In search of change in higher ed

I often ask myself this question: Why is it that when the world's best corporations are trying to set up 'campuses', many universities and colleges are so intent on running 'factories'?

I know the obvious answer that the creativity and freedom are supposed to be for the gifted. Most of humanity are not creative, not aspirational and they crave for structure and command. I also know that this answer is wrong.

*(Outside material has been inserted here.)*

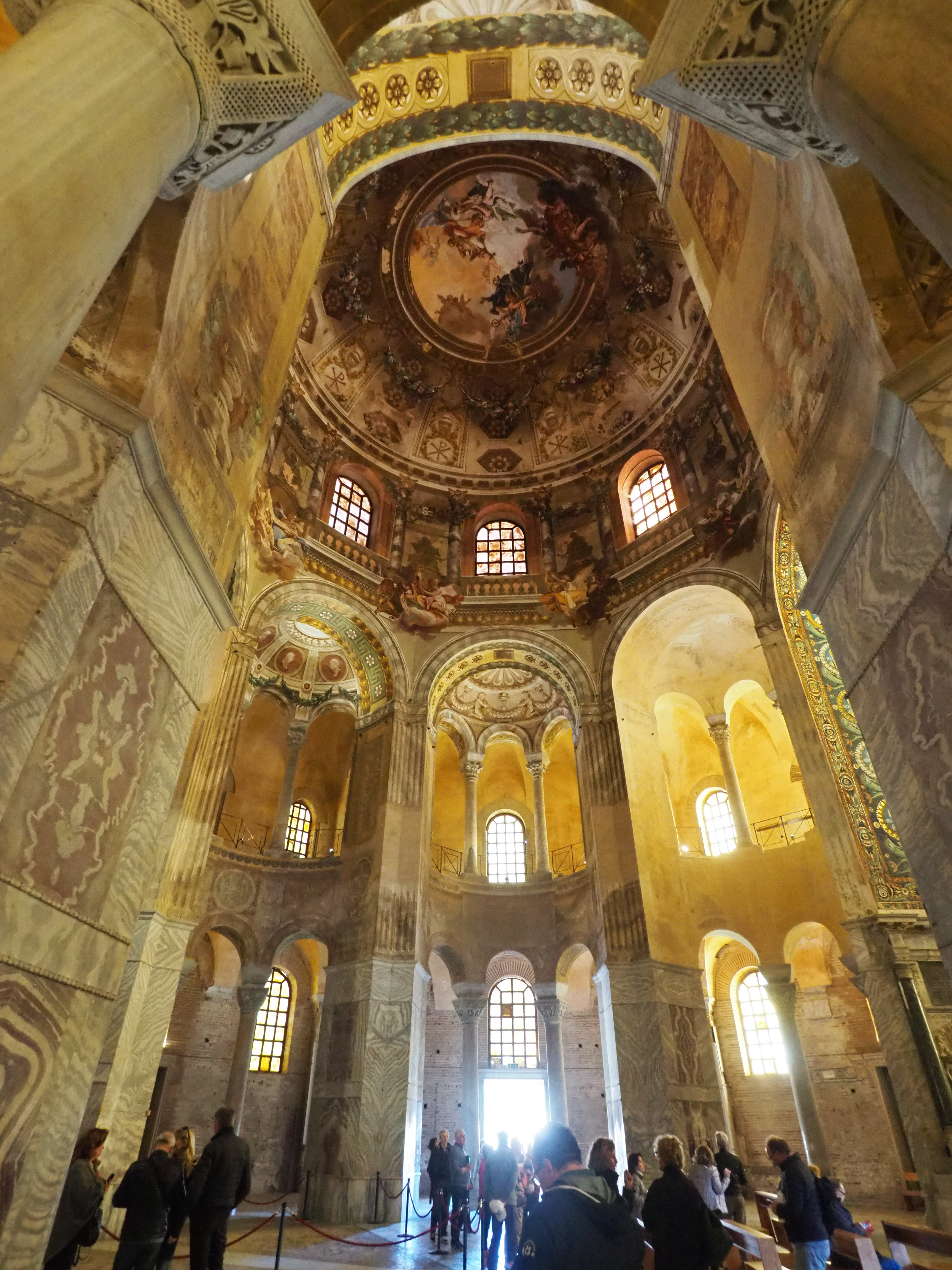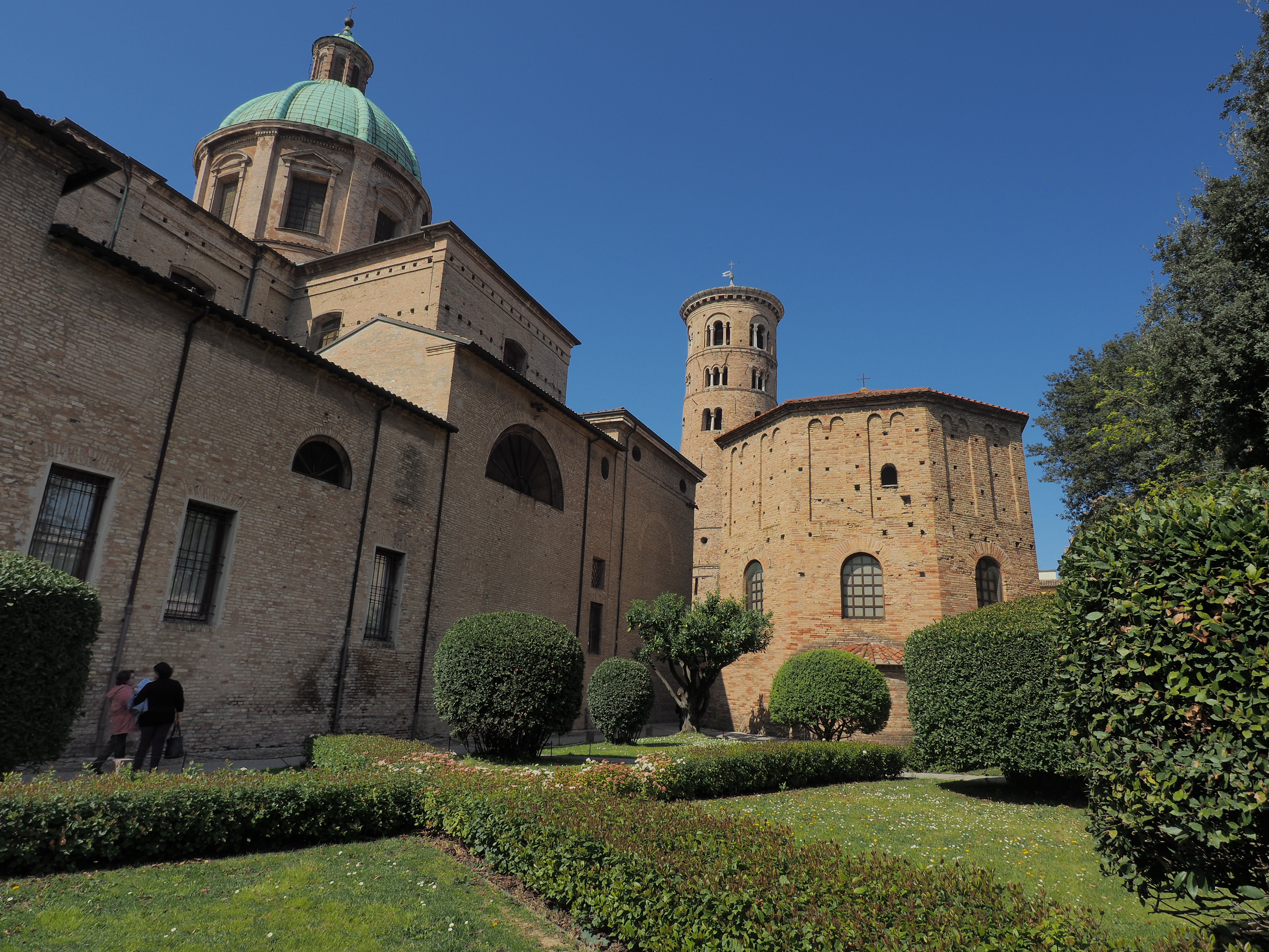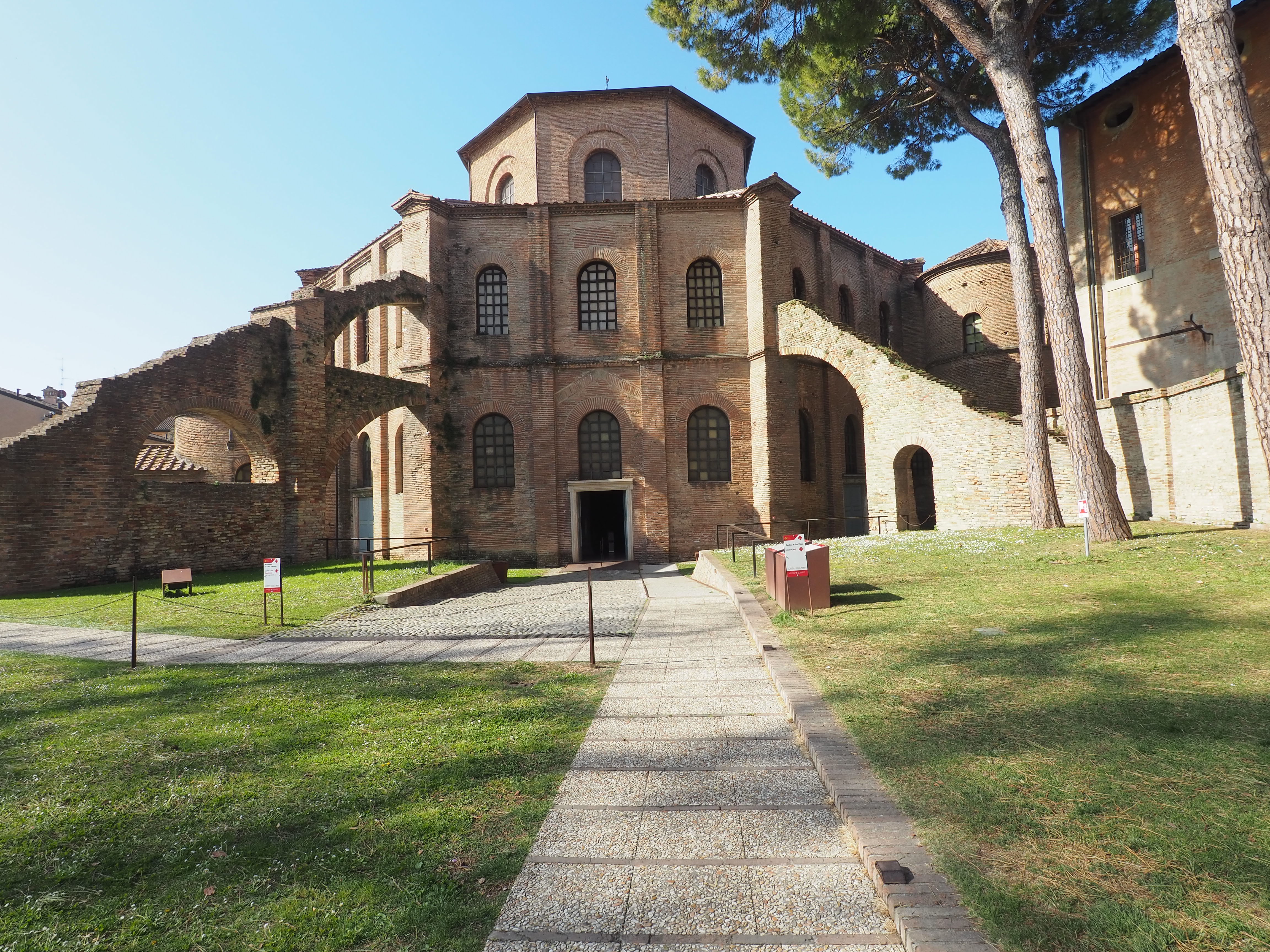 Die Basilika San Vitale stammt aus dem 6. Jahrhundert. Der Grundriss der Kirche unterscheidet sich im Wesentlichen von späteren Kirchenräumen aufgrund seines oktogonalen Grundrisses mit einem zentralen Kuppelbau.

Of course, we have met 'uncreative' people; many of them, possibly. People who would just follow, rather than finding a path. But should we stop to think that it is in their genes to not to be creative, an assumption we implicitly seem to be making, and allow the thought that they might have been encouraged not to think? 

Is it that we are mixing up the cause and the effect - our education 'factories' are making people stupid, rather than the other way around?

Of course, this is not about social classes, as the toffs would say: "Too many people are coming to higher education and therefore, we must dumb it down!" It is rather the opposite. It's not about the first generation kids going to college need these education factories, it is the middle class children who are socially pressured to go to college but are consumed by the 'happiness hypothesis' - that the goal of human life is to be happy! They don't want to indulge in purpose thinking, that we are meant to do something, contribute, make the world better. The markets follow them, the governments serve them and the media faithfully reproduces their preferences in the form of detailed statistical make-believe: It is they who demand the factories - the Chocolate factories of Willy Wonka if you see where this story is going!

But if we want to leave people as they are, why bother with all the extra years of effort and experience?

This is an ever more urgent question now that our world is changing. 21st century is already a cliché, but we have a distinct feeling of history accelarating its pace lately. But away from the headlines, fundamental shifts are on the way. Demographic shift, the decades of growth in labour supply, is now apparent. globalisation has led to a convergence of aspirations of rich people across borders but a greater divergence between the rich and the poor within them. Inflation is back after being wiped out of the collective memory in the West. Free money from China is about to end. If the oil shocks of the 70s destroyed the state capitalism (which we now call communism), this is no less a pivot. Our students have to face a world very different from the one our education is preparing them for. 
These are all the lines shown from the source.